1958 Hobbit- More Interesting then other one


----------



## Idril (Apr 6, 2003)

That's funny cause I was looking at them on the UK ebay just a couple days ago


----------



## BlackCaptain (Apr 6, 2003)

My cousin has a newer version of that second one. It was pretty sweet.


----------



## FrankSinatra (Apr 6, 2003)

*Well*

There used to be a 50's copy in our school library.

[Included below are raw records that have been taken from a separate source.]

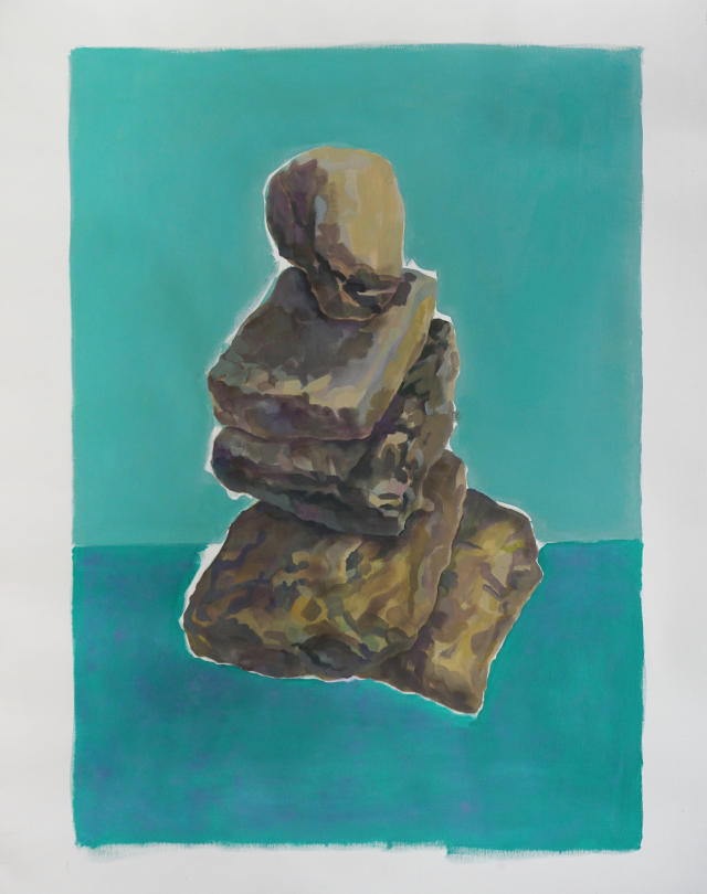 문지현_돌떡(묵직하지 않은), 2025, 캔버스천 위에 아크릴, 104.6x84.2cm (90.3x65.2cm). 허먼갤러리 제공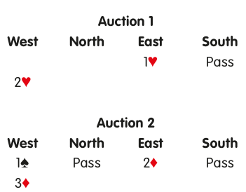 To increase the level of the contract in partner’s last-mentioned denomination. West’s last call, shown in the auctions below, are both a raise.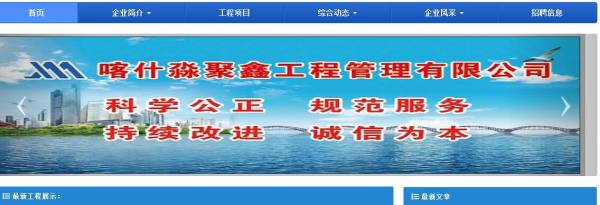 喀什淼*鑫工程管理有限公司選用我司企業建筑建材行業的網站優化產品,其SEO關鍵詞有 喀什淼*鑫工程管理有限公司   喀什水利工程,喀什工程,喀什項目,喀什招標,喀什投標,喀什公司,喀什水利。其特點是用很合適的展示方式、展示效果、站點框架,把客戶及其用戶很關心的問題突出表現;并以簡潔明朗的設計風格,清晰展現公司水平實力,確保一秒抓住目標用戶眼球,給用戶留下良好的第一印象。喀什淼*鑫工程管理有限公司成立于2011年,是經喀什市市場監督管理局審核的有資質的公司,其統一社會信用代碼:916531005**789294Y 。公司地址:新疆喀什地區喀什市夏馬勒巴格路34號1棟1號商鋪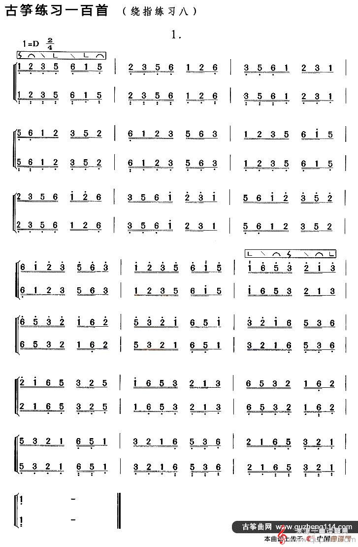 曲谱图网为您提供古筝练习:绕指练习(8)古筝谱简谱找谱子,就上曲谱图网。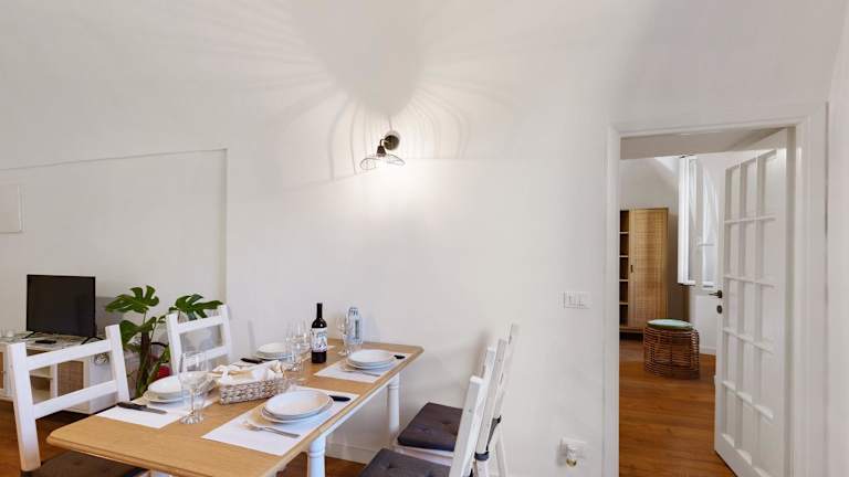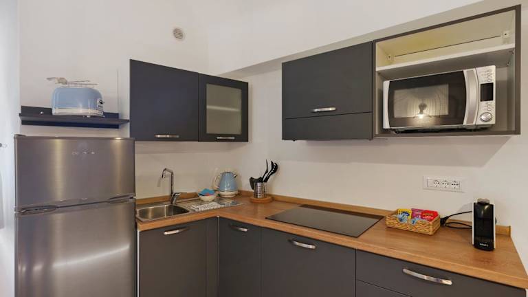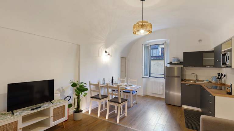 Die Ferienwohnung besteht aus 1 Schlafzimmer, einem Wohnzimmer und einer voll ausgestatteten Küche mit Kühlschrank und Kaffeemaschine. Zudem beinhaltet sie ein Badezimmer mit Bidet und Dusche. Handtücher und Bettwäsche werden zur Verfügung gestellt.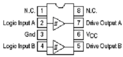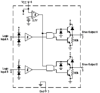 MC34152的外圍電路簡單,應用方便。它是8管腳的同相推挽驅動芯片,具體的內部結構和封裝如圖4所示。2,4腳為兩路控製信號輸入,經過芯片內部的推挽放大,直接輸出同相的兩路驅動信號(7,5腳)。為使芯片更加穩定地工作,一般在芯片的電源端並聯一個濾去高頻幹擾的瓷片電容和一個濾去低頻幹擾的電解電容。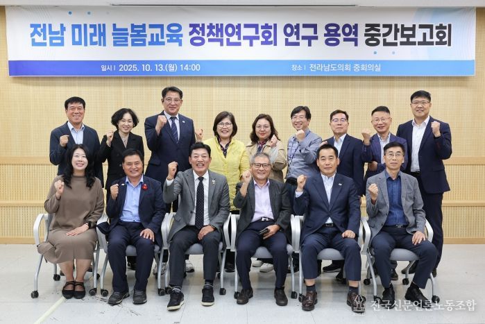 전국신문언론노동조합 김성길 기자 | 전라남도 의원연구단체 전남 미래형 늘봄교육 정책연구회(대표의원 정철)는 10월 13일 전라남도의회 중회의실에서 '전남 미래형 늘봄교육 모델개발과 학교 내외 안전사고 예방 방안 연구' 정책연구용역 중간보고회를 개최했다.

I often plundered it, (security was not good) wish i had taken it home before i left school now.


----------



## LadyGaladriel (Apr 13, 2003)

how much would I have to pay to buy a first edition signed tolkien collection (ie all the books) Ive often wondered that.


----------



## FoolOfATook (Apr 14, 2003)

> how much would I have to pay to buy a first edition signed tolkien collection (ie all the books) Ive often wondered that.



A signed set of first editions of _The Hobbit_ and all 3 LOTR books would easily go in the high 5 figure range, if it didn't hit six figures. Easily.


----------